◆ Task instructions ◆
Once the images are set aside, print the remaining lines below exactly.

◆ Supplied material ◆
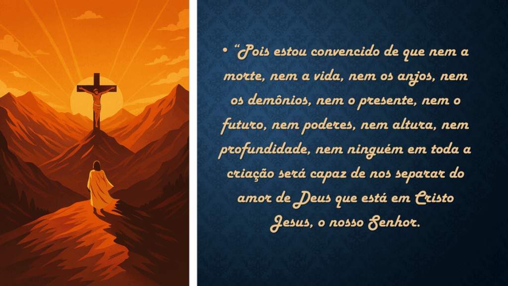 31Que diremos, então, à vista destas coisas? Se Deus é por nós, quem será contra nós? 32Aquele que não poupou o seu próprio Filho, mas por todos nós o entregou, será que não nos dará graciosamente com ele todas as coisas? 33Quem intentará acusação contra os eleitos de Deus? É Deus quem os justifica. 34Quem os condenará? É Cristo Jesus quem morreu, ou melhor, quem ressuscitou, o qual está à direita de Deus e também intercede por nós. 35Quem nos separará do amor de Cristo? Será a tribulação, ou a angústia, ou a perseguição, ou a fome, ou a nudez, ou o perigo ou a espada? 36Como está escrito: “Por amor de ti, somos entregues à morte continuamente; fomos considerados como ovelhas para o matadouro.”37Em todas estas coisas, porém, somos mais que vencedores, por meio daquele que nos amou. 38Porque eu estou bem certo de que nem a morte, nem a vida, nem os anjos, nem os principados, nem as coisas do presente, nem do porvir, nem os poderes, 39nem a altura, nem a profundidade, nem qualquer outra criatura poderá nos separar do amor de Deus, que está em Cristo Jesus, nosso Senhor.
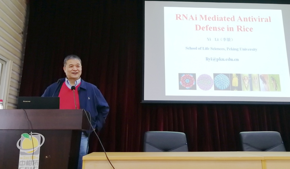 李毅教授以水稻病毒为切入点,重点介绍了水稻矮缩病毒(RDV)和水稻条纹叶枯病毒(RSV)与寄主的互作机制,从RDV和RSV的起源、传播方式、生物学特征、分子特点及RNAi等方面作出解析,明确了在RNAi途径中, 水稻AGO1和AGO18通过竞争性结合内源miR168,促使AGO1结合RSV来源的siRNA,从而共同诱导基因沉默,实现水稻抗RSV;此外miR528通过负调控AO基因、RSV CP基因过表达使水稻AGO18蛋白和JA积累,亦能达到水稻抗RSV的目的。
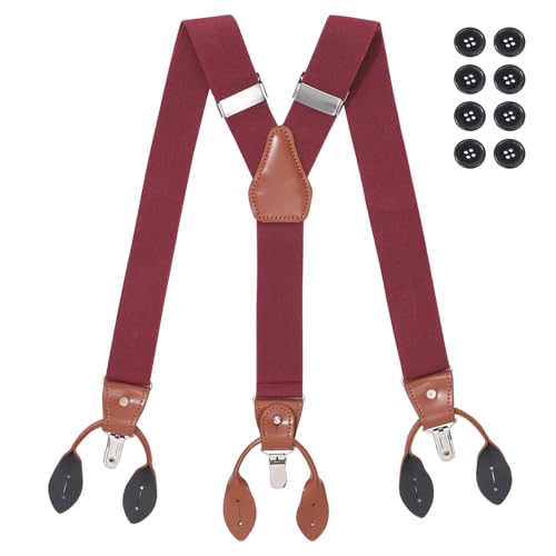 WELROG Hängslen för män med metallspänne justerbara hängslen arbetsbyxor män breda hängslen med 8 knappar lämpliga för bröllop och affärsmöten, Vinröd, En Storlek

◆ Output of the task ◆
 31Que diremos, então, à vista destas coisas? Se Deus é por nós, quem será contra nós? 32Aquele que não poupou o seu próprio Filho, mas por todos nós o entregou, será que não nos dará graciosamente com ele todas as coisas? 33Quem intentará acusação contra os eleitos de Deus? É Deus quem os justifica. 34Quem os condenará? É Cristo Jesus quem morreu, ou melhor, quem ressuscitou, o qual está à direita de Deus e também intercede por nós. 35Quem nos separará do amor de Cristo? Será a tribulação, ou a angústia, ou a perseguição, ou a fome, ou a nudez, ou o perigo ou a espada? 36Como está escrito: “Por amor de ti, somos entregues à morte continuamente; fomos considerados como ovelhas para o matadouro.”37Em todas estas coisas, porém, somos mais que vencedores, por meio daquele que nos amou. 38Porque eu estou bem certo de que nem a morte, nem a vida, nem os anjos, nem os principados, nem as coisas do presente, nem do porvir, nem os poderes, 39nem a altura, nem a profundidade, nem qualquer outra criatura poderá nos separar do amor de Deus, que está em Cristo Jesus, nosso Senhor.
 李毅教授以水稻病毒为切入点,重点介绍了水稻矮缩病毒(RDV)和水稻条纹叶枯病毒(RSV)与寄主的互作机制,从RDV和RSV的起源、传播方式、生物学特征、分子特点及RNAi等方面作出解析,明确了在RNAi途径中, 水稻AGO1和AGO18通过竞争性结合内源miR168,促使AGO1结合RSV来源的siRNA,从而共同诱导基因沉默,实现水稻抗RSV;此外miR528通过负调控AO基因、RSV CP基因过表达使水稻AGO18蛋白和JA积累,亦能达到水稻抗RSV的目的。
 WELROG Hängslen för män med metallspänne justerbara hängslen arbetsbyxor män breda hängslen med 8 knappar lämpliga för bröllop och affärsmöten, Vinröd, En Storlek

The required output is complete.